→ **Task**
Only the pictures are to be dropped, and the rest of the data should be copied exactly.

→ **Input data**
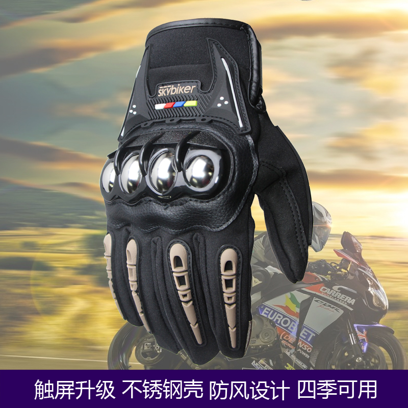 Motorcycle Gloves Stainless Steel Hard Shell Windproof Riding Locomotive Four Seasons Cycling Touch Screen Anti-fall Racing Knight Equipment
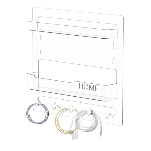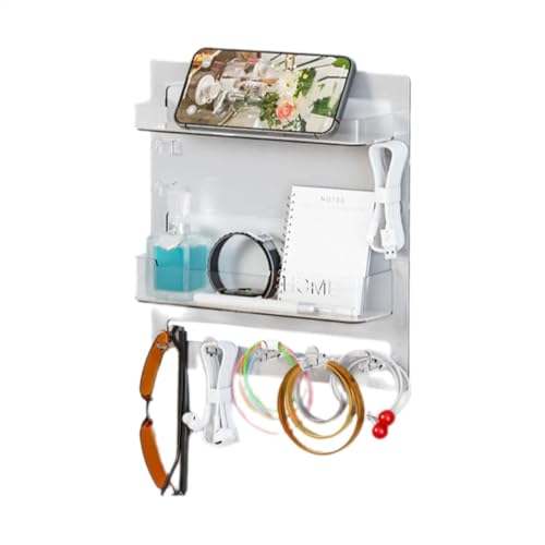 Kitchen Movable Shelves, Wall Sticker Bathroom Organizer | Wall Mounted Dormitory Storage Shelf Shelf with Hooks and Cable Clips for Phone, Remote, Earphone
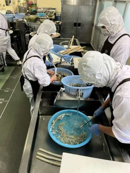 今日の献立のいわしのつみれ汁は、ゆでた後にしょうが汁、料理酒で下味をつけたいわしだんごと、だいこん、ごぼう、にんじん、みつばが入った具沢山の汁ものです。たくさんのごぼうも、給食室でささがきにしてから使用しています。しょうがの風味がいわしだんごのくさみを消していて、とても食べやすくおいしい一品でした。
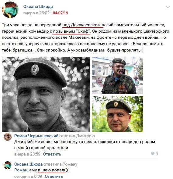 Как сообщил в Твиттере блогер Necro Mancer, Новиков Евгений Валерьевич с позывным "Скиф" погиб 4 июля в районе Докучаевска. По данным, опубликованным в сепаратистских сообществах, ему попал в шею осколок снаряда.
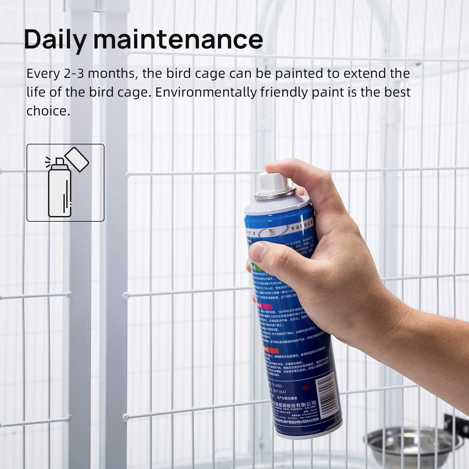 - Exposure to rain can cause rust, so a birdcage cover or indoor placement during rainy weather is recommended
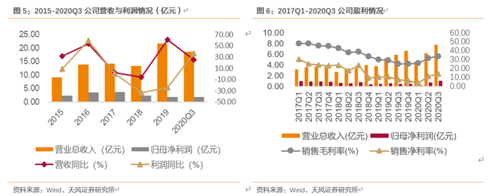 2014-2019年公司营收规模逐渐增大,实现“翻番”,2020Q1-Q3营收逼近2019全年业绩,归母净利润已超过19年,业绩增厚可期。公司20Q1-Q3毛利率与净利率稳步提升,毛利率分别为26.00%、31.50%、33.81%;净利率为3.59%、11.22%、13.99%,系公司降本增效,各项费用下降,公司盈利能力显著提高。
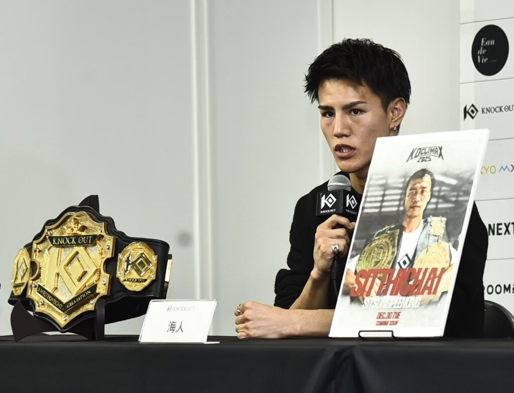 2025年12月30日(火)東京・国立代々木競技場 第二体育館で開催される『KNOCK OUT.60 ~K.O CLIMAX 2025~』の記者会見が12月3日(火)都内にて行われ、SB世界スーパーウェルター級王者・海人(TEAM FOD)の参戦が発表された。
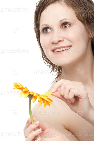 Женщина гадает на ромашке
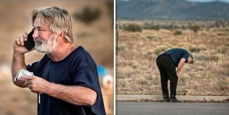 El actor aparece acompañado por su mujer, Hilaria Baldwin, a la que se aprecia grabando el encuentro con su celular. "Era mi amiga. El día que llegué al rodaje la llevé a cenar con Joel (Souza), el director. Éramos un equipo muy, muy bien aceitado, rodando juntos una película hasta que sucedió este horrible suceso", relató Baldwin.
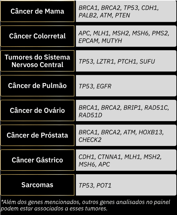 Análise de 100 genes que aumentam o risco de câncer hereditário. Identificar mutações nesses genes possibilita personalizar a vigilância e alguns tratamentos.
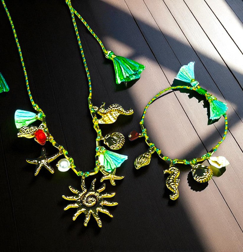 Cuerda verde agua, nudo corredizo y charms de acero dorado. Un collar para usar sin pensar demasiado: combina con todo, se ajusta fácil y le suma personalidad a lo que te pongas.

→ **Output**
 Motorcycle Gloves Stainless Steel Hard Shell Windproof Riding Locomotive Four Seasons Cycling Touch Screen Anti-fall Racing Knight Equipment
 Kitchen Movable Shelves, Wall Sticker Bathroom Organizer | Wall Mounted Dormitory Storage Shelf Shelf with Hooks and Cable Clips for Phone, Remote, Earphone
 今日の献立のいわしのつみれ汁は、ゆでた後にしょうが汁、料理酒で下味をつけたいわしだんごと、だいこん、ごぼう、にんじん、みつばが入った具沢山の汁ものです。たくさんのごぼうも、給食室でささがきにしてから使用しています。しょうがの風味がいわしだんごのくさみを消していて、とても食べやすくおいしい一品でした。
 Как сообщил в Твиттере блогер Necro Mancer, Новиков Евгений Валерьевич с позывным "Скиф" погиб 4 июля в районе Докучаевска. По данным, опубликованным в сепаратистских сообществах, ему попал в шею осколок снаряда.
 - Exposure to rain can cause rust, so a birdcage cover or indoor placement during rainy weather is recommended
 2014-2019年公司营收规模逐渐增大,实现“翻番”,2020Q1-Q3营收逼近2019全年业绩,归母净利润已超过19年,业绩增厚可期。公司20Q1-Q3毛利率与净利率稳步提升,毛利率分别为26.00%、31.50%、33.81%;净利率为3.59%、11.22%、13.99%,系公司降本增效,各项费用下降,公司盈利能力显著提高。
 2025年12月30日(火)東京・国立代々木競技場 第二体育館で開催される『KNOCK OUT.60 ~K.O CLIMAX 2025~』の記者会見が12月3日(火)都内にて行われ、SB世界スーパーウェルター級王者・海人(TEAM FOD)の参戦が発表された。
 Женщина гадает на ромашке
 El actor aparece acompañado por su mujer, Hilaria Baldwin, a la que se aprecia grabando el encuentro con su celular. "Era mi amiga. El día que llegué al rodaje la llevé a cenar con Joel (Souza), el director. Éramos un equipo muy, muy bien aceitado, rodando juntos una película hasta que sucedió este horrible suceso", relató Baldwin.
 Análise de 100 genes que aumentam o risco de câncer hereditário. Identificar mutações nesses genes possibilita personalizar a vigilância e alguns tratamentos.
 Cuerda verde agua, nudo corredizo y charms de acero dorado. Un collar para usar sin pensar demasiado: combina con todo, se ajusta fácil y le suma personalidad a lo que te pongas.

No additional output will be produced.